Type 2 turns out to be Type 1

I was in my mid-fifties and so my GP told me I was a type 2 diabetic. One of my daughters who was training to be a doctor assured me that with my life-style there was no way I was Type 2 but not to argue with my doctor because the treatment of a type 2 diabetic who couldn’t be treated with pills was the Same as a Type 1 diabetic. About a year later after a cholesterol test my doctor admitted that my cholesterol ratios suggested I was actually type 1 and rather unusually I had not developed it until late in life rather than as a child which is the more normal time. I considered myself very lucky – I could have been injecting myself for most of my life with all the detrimental effects associated with long term insulin use.

Of course nothing had really changed – we get old, some of us continue being able to do things while others have to “wind down”. It got me thinking. Maybe I should get on with a few things. My father had saved a lot of things to do when he retired. He was going to have a very full life – when he retired. He was still selling his share in the firm to the other partners and working one or two days a week when he died. That was not going to happen to me. I was fifty four and had seen very little of the world.

My father had saved a lot of things to do when he retired. He was going to have a very full life – when he retired.
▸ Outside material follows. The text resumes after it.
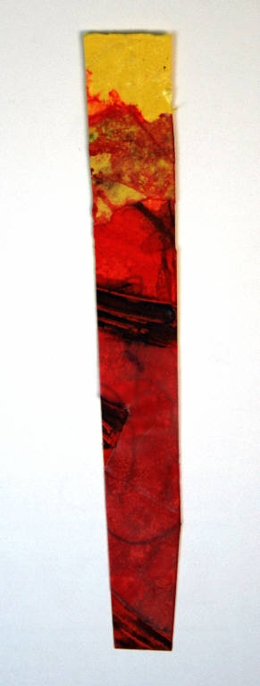 tecnica mista: plastica, cartoncino, smalti, acrilici e pittura a olio. Colore: giallo, rosso, viola. Soggetto: bozzetto di texture.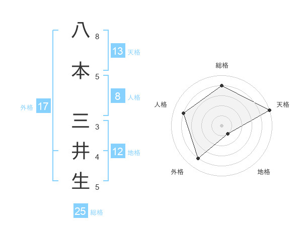 八本 三井生さんの総格は25画の4点!

He was still selling his share in the firm to the other partners and working one or two days a week when he died. That was not going to happen to me.



I did have my first holiday alone in 2007. It was a multi-activity holiday in the Dolomites with fifteen other single people. Eight years later and I still have two weekends a year away walking with six of them.

In November 2008, I found myself trekking in the Himalayas followed by the Lost World and Angel Falls in Venezuela in November 2009.

In 2010 I started with a very enjoyable but not exactly adventurous activity holiday in Turkey. We walked, white-water rafted, tubed, canyoned, cycled and sea-kayaked during the day and at night partied until the early hours. Falling into bed at around 4am each night it was amazing that we were up by 8am and raring to go for the day’s activity. Weekends in Dublin and Newcastle followed after each of which I needed a holiday! My next trek later that year was to be the Inca Trail and Autumn 2011 found me heading to Buenos Aires to trek the Torres del Paine Circuit in Patagonia.

In June 2012 I spent ten days canoeing four hundred kilometres down the Yukon. That autumn I opted again for an easy walking holiday on Crete. Not adventurous but very enjoyable with a lovely group of single people none of whom I have seen since! Early in 2013 I took up white water kayaking and then canoed the flat-water bit of the Zambezi for my summer 2013 trip.

Spring 2014 – my first trip planned since I had retired in May 2013. I decided on two back to back trips in South East Asia. Autumn 2014 I went to India for a week of tiger spotting. We also visited the Taj Mahal and Agra Red Fort and travelled on the infamous Indian trains overnight. On our return to Delhi I caught a plane to Bangalore to meet my next group for a cycling holiday.

Life changing trip

A recent trip to civilised USA was a truly a life changing experience. I may never return to the Grand Canyon – when a trip has been so good returning surely can never be as good. But my two weeks travelling the 240 mile length of the Grand Canyon by dory has had a profound effect on me – 150 rapids were so much better than I expected and yes there was so, so much more. I have been sucked in to the whole Grand Canyon experience and am reading up as much as I can about its history and the tales of those who have travelled its length – a few of them hundreds of times like some of the four guides who took my group down. Lew, Doc, Regan and Jim – I respect you so much. I put my life in your hands and you looked after it. Thank you – I only have one second life and I’m living it.